First, we tested whether BS, EV, and REV have changed directionally over primate evolution by using a Bayesian method to calculate the harmonic mean-likelihood values for a number of models (Table 1). For all three traits, the nondirectional Brownian-motion model was rejected in favor of a directional evolution model based on an analysis of the harmonic mean-likelihood values using Bayes factors (SI Text and Tables S3S6). Subsequently, we used a Bayesian method to reconstruct the ancestral values for BS, EV, and REV at nodes throughout the primate phylogeny (24) (Fig. 2 and Tables S7 and S8). This analysis reconstructed the BS of the primate last common ancestor (LCA) as ∼55 g, with a small EV (2.3 cm3; cc) only slightly larger than the fossil plesiadapiform Ignacius (2.14 cc) (25).
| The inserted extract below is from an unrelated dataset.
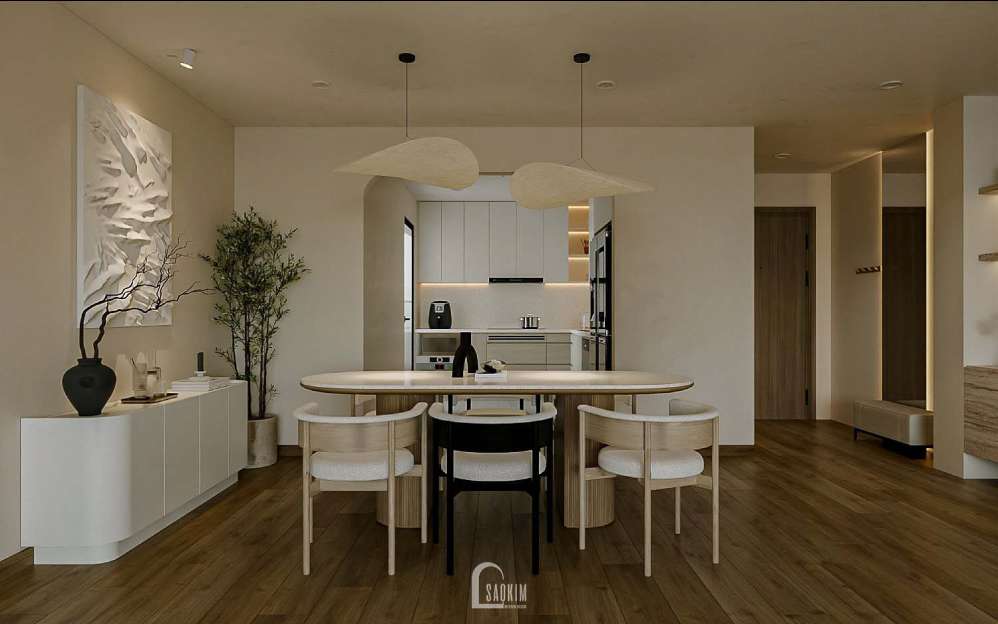 Thiết kế nội thất phòng khách+ bếp phong cách Modern Minimalist

The REV of the primate LCA was reconstructed as having been lower than that of any known primate, living or extinct.

Table 1.

Final harmonic mean likelihoods

Model Scaling parameters BS EV REV
Brownian −125.185 −32.841 24.900
δ −127.322 −33.503 23.837
κ −107.814 −26.165 30.016
λ −119.938 −33.413 26.009
δλ −119.861 −34.255 25.969
δκ −109.111 −24.485 30.815
κλ −109.295 −27.616 26.336
δλκ −108.973 −26.978 27.838
Directional −120.583 −27.893 32.761
δ −125.564 −31.753 26.340
κ −103.524 −22.331 38.399
λ −113.443 −28.336 38.413
δλ −114.656 −29.661 35.745
δκ −107.025 −24.759 33.610
κλ −104.183 −24.570 40.275
δλκ −104.401 −25.350 37.554

Fig. 2.

Fig. 2.

Phenotypic reconstructions of ancestral BS, EV, and REV. Cladogram depicts ancestral trait reconstructions for BS, EV, and REV at key nodes in primate evolution. For BS, the area of the outside circle includes the area under the colored circle. Branches are not to scale.
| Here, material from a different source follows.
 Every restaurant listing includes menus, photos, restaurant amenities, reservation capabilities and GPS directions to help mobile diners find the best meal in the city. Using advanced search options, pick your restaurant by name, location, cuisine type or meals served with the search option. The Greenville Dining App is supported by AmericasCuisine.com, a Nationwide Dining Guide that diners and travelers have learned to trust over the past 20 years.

We conclude that BS, EV, and REV have evolved directionally over primate evolution. Since the primate LCA, all major primate lineages have convergently evolved higher BS, EV, and REV. Because of the evidence that life-history correlates are inversely related to molecular rates in mammals (6, 23, 26), this result alone generally supports a slowdown in molecular rates in primate evolution.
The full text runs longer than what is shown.